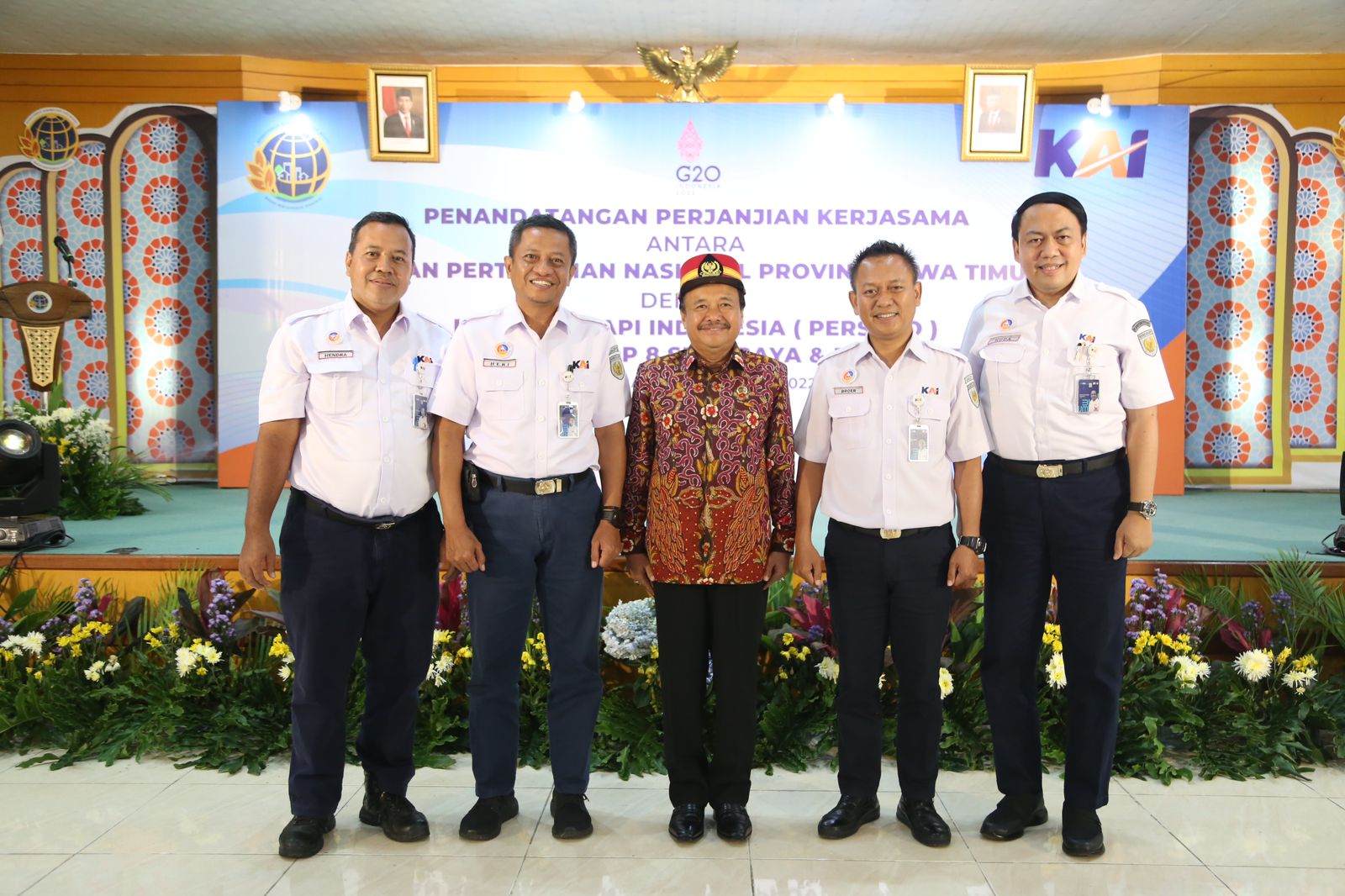 SR, Surabaya – Tiga Kepala Daerah PT Kereta Api Indonesia (KAI) yang wilayah kerjanya berada di Provinsi Jawa Timur, yaitu Daop 7 Madiun, Daop 8 Surabaya dan Daop 9 Jember menandatangani Perjanjian Kerja Sama (PKS) dengan Badan Pertanahan Nasional (BPN) Provinsi Jawa Timur, tentang pendaftaran/pensertifikatan tanah dan penanganan permasalahan tanah aset PT Kereta Api Indonesia di Ruang Aula Reforma Agraria Kantor Wilayah BPN Provinsi Jawa Timur, Senin (10/10/2022).
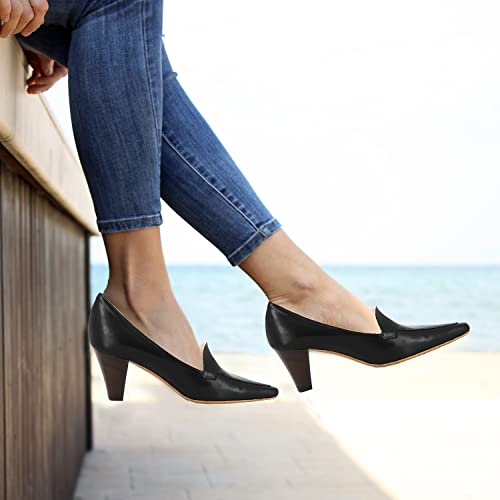 • ☆★☆2 Inch Chunky Block Heels for Comfort: Women's Black Slip On Office Work Pumps Dressy Elegant adopt 2 inch/5 cm chunky heels which are in moderate height to meet your daily needs and can be Stable enough for your all-day Standing & Walking Comfort. Brown chunky heels pumps shoes pointy toe use padded insole and anti-slip rubber sole to give you enough sole support, making your every step Soft, Stable, Comfortable & Confident.
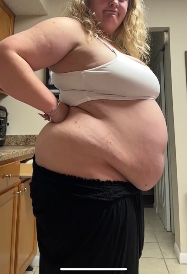She just has such a nice big and bloated belly. Her ass and thighs have been widening out in size too, but what gets me is her fat arms and double chin which aren't normally highlighted but when you look in the corner of her belly pics you see her puffed out arms and flabby chin hanging out, shit is so hot. She could be the goat if she keeps packing them on.
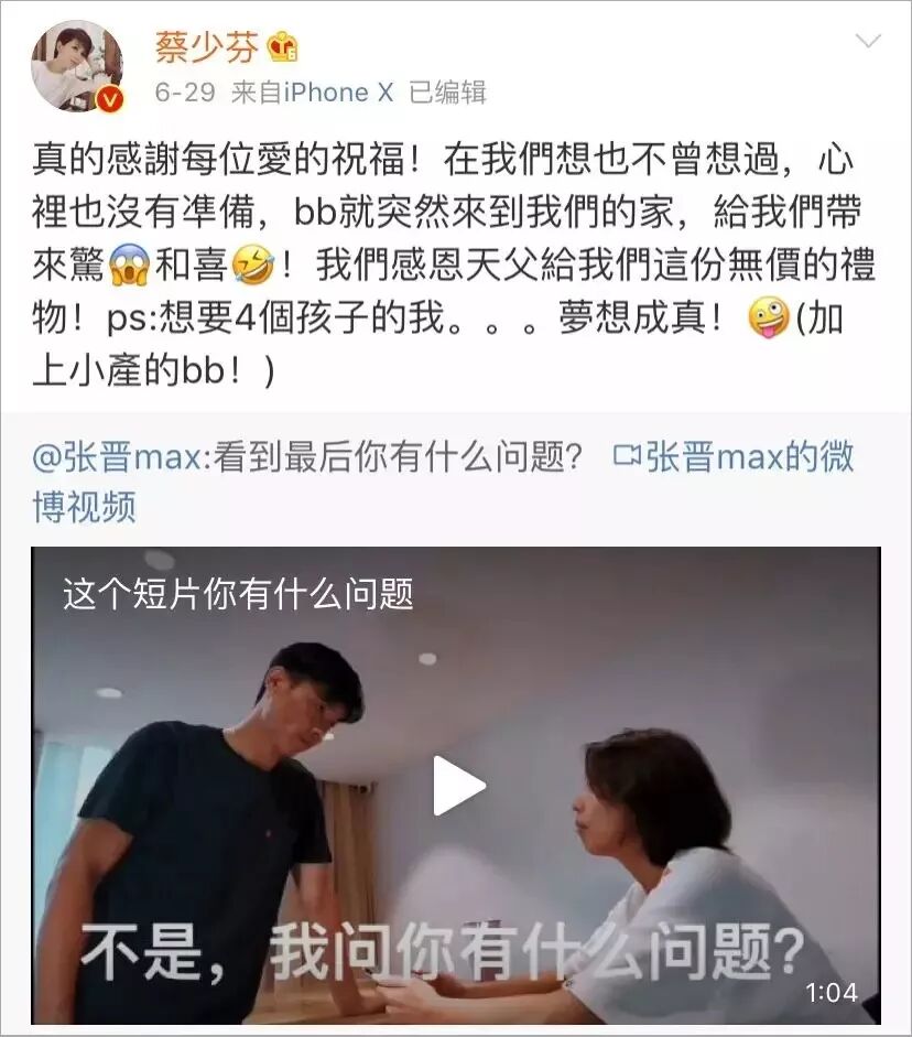 但是,前几天蔡少芬和张晋在微博自爆怀三胎的消息,实实在在给大家投喂了一大波甜糖。

****

Problem to solve
Reproduce the lines above letter for letter. The pictures stay behind.

Expected output
 SR, Surabaya – Tiga Kepala Daerah PT Kereta Api Indonesia (KAI) yang wilayah kerjanya berada di Provinsi Jawa Timur, yaitu Daop 7 Madiun, Daop 8 Surabaya dan Daop 9 Jember menandatangani Perjanjian Kerja Sama (PKS) dengan Badan Pertanahan Nasional (BPN) Provinsi Jawa Timur, tentang pendaftaran/pensertifikatan tanah dan penanganan permasalahan tanah aset PT Kereta Api Indonesia di Ruang Aula Reforma Agraria Kantor Wilayah BPN Provinsi Jawa Timur, Senin (10/10/2022).
 • ☆★☆2 Inch Chunky Block Heels for Comfort: Women's Black Slip On Office Work Pumps Dressy Elegant adopt 2 inch/5 cm chunky heels which are in moderate height to meet your daily needs and can be Stable enough for your all-day Standing & Walking Comfort. Brown chunky heels pumps shoes pointy toe use padded insole and anti-slip rubber sole to give you enough sole support, making your every step Soft, Stable, Comfortable & Confident.
She just has such a nice big and bloated belly. Her ass and thighs have been widening out in size too, but what gets me is her fat arms and double chin which aren't normally highlighted but when you look in the corner of her belly pics you see her puffed out arms and flabby chin hanging out, shit is so hot. She could be the goat if she keeps packing them on.
 但是,前几天蔡少芬和张晋在微博自爆怀三胎的消息,实实在在给大家投喂了一大波甜糖。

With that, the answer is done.